THE INPUT:

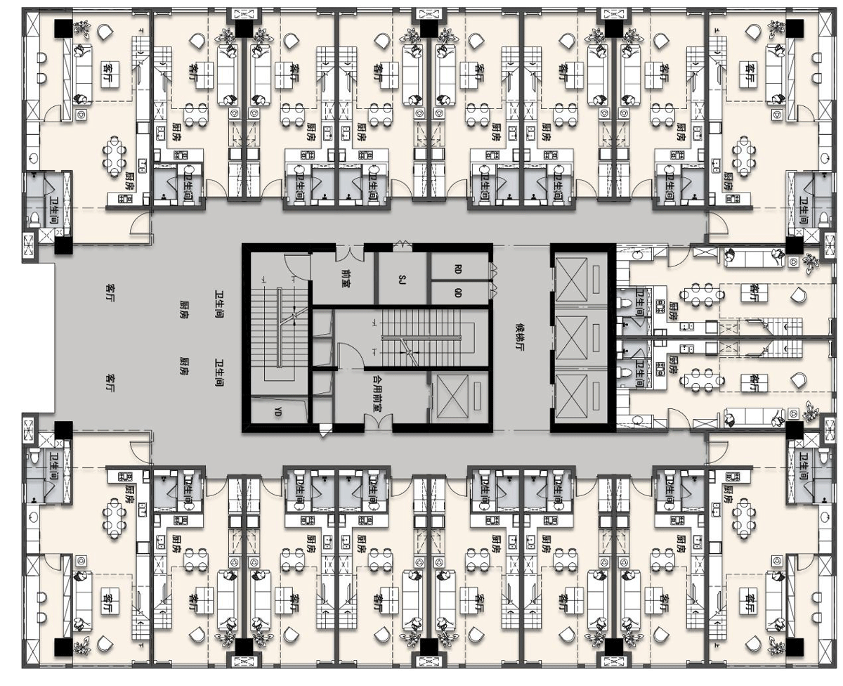 将板式塔楼分隔成竖向体块,并进行横向的划分,使形体更加均衡。增加横向铝板线条,深化形体。增加宽细线条的对比,使其交错均衡的分布在立面上。
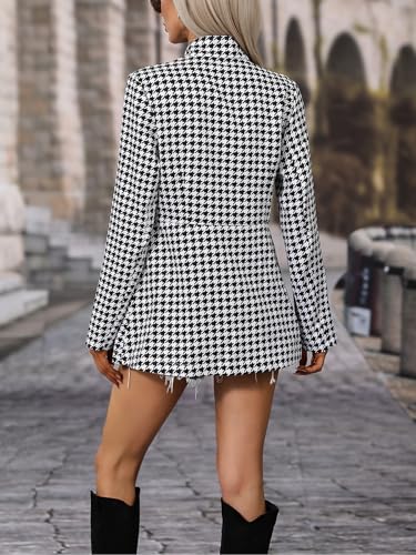 ebossy Women's Casual Houndstooth Plaid Blazer Jacket Elegant Notched Long Sleeve Open Front Slim Fitted Wool Pea Coat 3
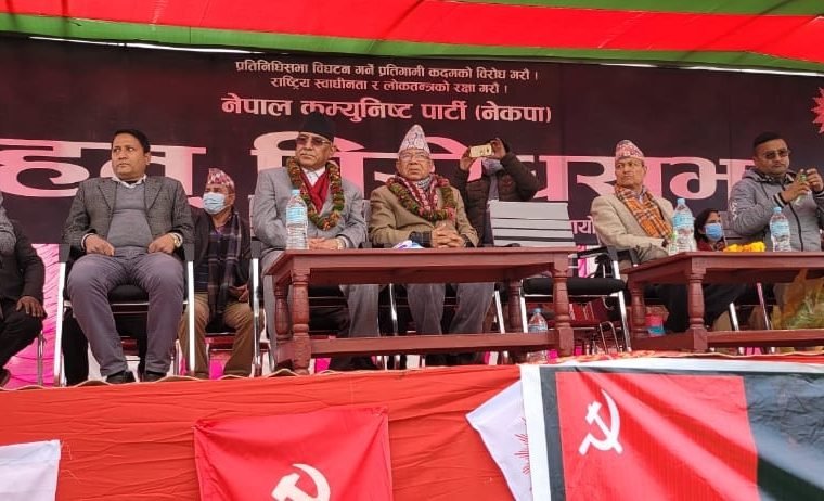 उनले असंवैधानिक कदम चाल्ने ओलीलाई दण्ड दिने बताए । उनले ओली र उहाँका पिछलग्गुहरुले पार्टी र चुनाव चिन्ह आफ्नो पार्न सेटिङ गरिरहेको भने पनि त्यसलाई जनताको बलले भत्काइदिने बताए । उनले निरंकुशताको विरोधमा सडकमा उत्रिएका जनतालाई हेप्ने काम नगर्न चेतावनी दिए ।
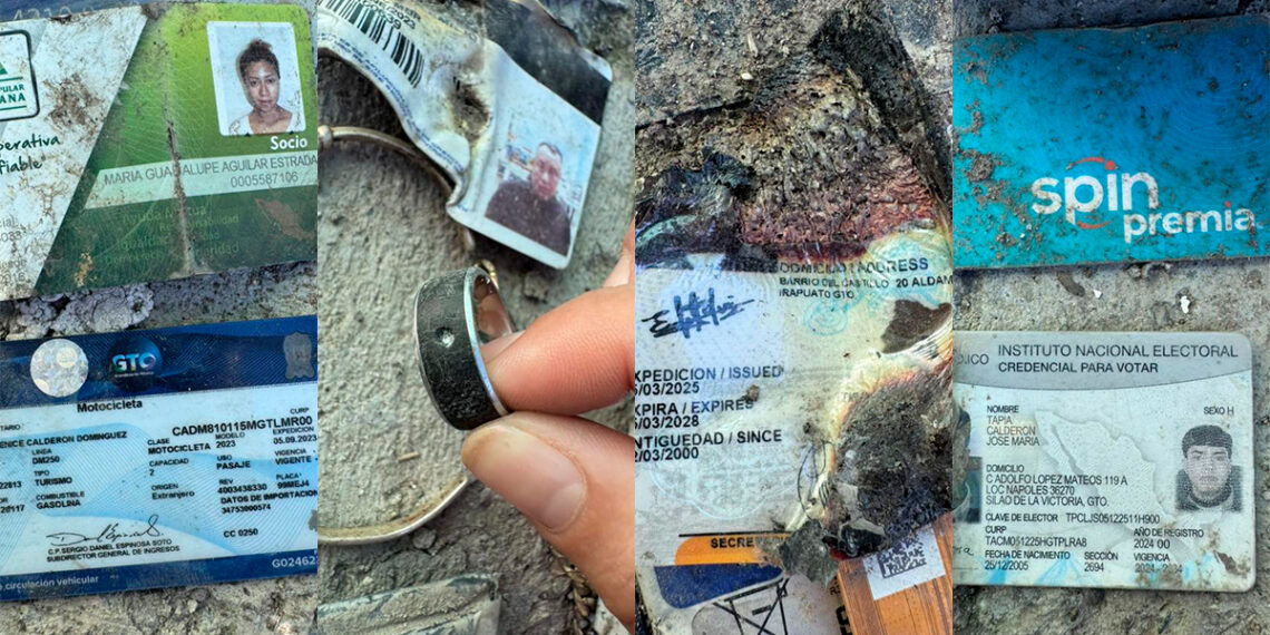 Durante la exploración se encontraron restos de cuatro hombres y una mujer, además de objetos personales que podrían facilitar la identificación de las víctimas. Entre ellos destacan prendas de vestir, celulares, anillos, cadenas, zapatos y gorras. También se localizaron documentos oficiales:
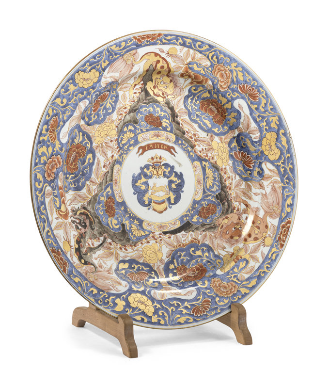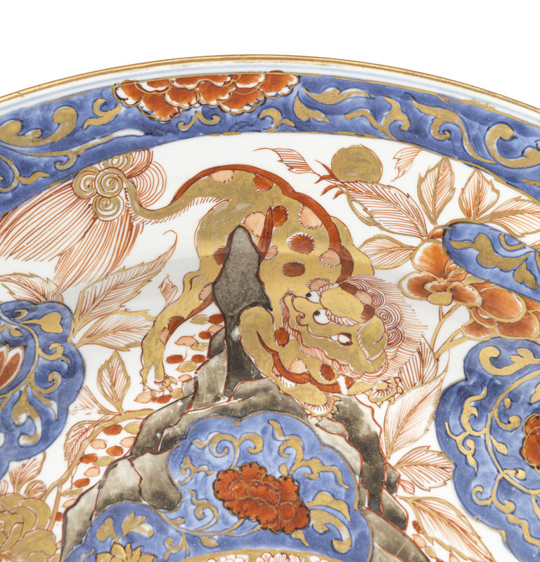decorated in iron-red enamels and gilt on underglaze blue, the interior centered with a coat-of-arm enclosed by peony scrolls and three shishi lions atop rockworks, the wide rim with further blossoming peonies.
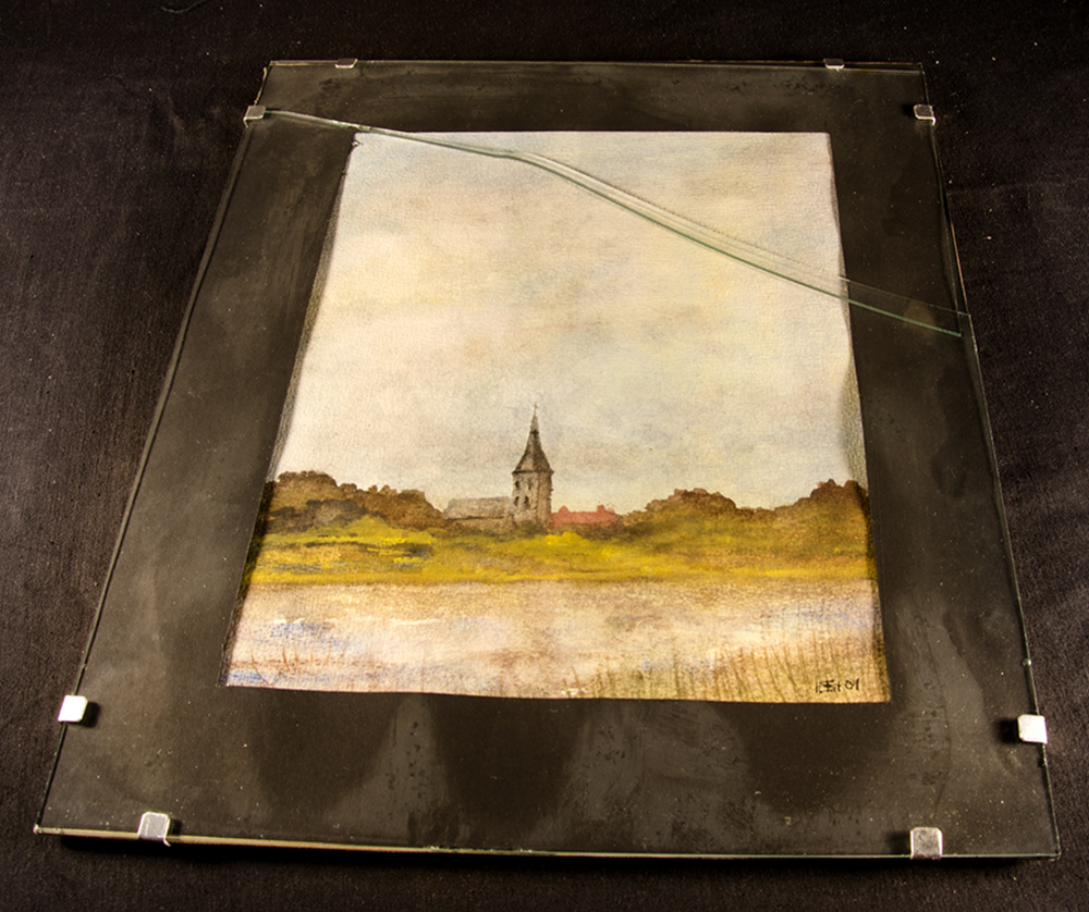 Schilderij aquarel op papier zicht op het dorp Herwe...

WHAT YOU ARE ASKED TO DO:
Without any pictures, reproduce the lines from the first one in the material through the line that has "उनले असंवैधानिक कदम", exactly as they appear.

REPLY:
 将板式塔楼分隔成竖向体块,并进行横向的划分,使形体更加均衡。增加横向铝板线条,深化形体。增加宽细线条的对比,使其交错均衡的分布在立面上。
 ebossy Women's Casual Houndstooth Plaid Blazer Jacket Elegant Notched Long Sleeve Open Front Slim Fitted Wool Pea Coat 3
 उनले असंवैधानिक कदम चाल्ने ओलीलाई दण्ड दिने बताए । उनले ओली र उहाँका पिछलग्गुहरुले पार्टी र चुनाव चिन्ह आफ्नो पार्न सेटिङ गरिरहेको भने पनि त्यसलाई जनताको बलले भत्काइदिने बताए । उनले निरंकुशताको विरोधमा सडकमा उत्रिएका जनतालाई हेप्ने काम नगर्न चेतावनी दिए ।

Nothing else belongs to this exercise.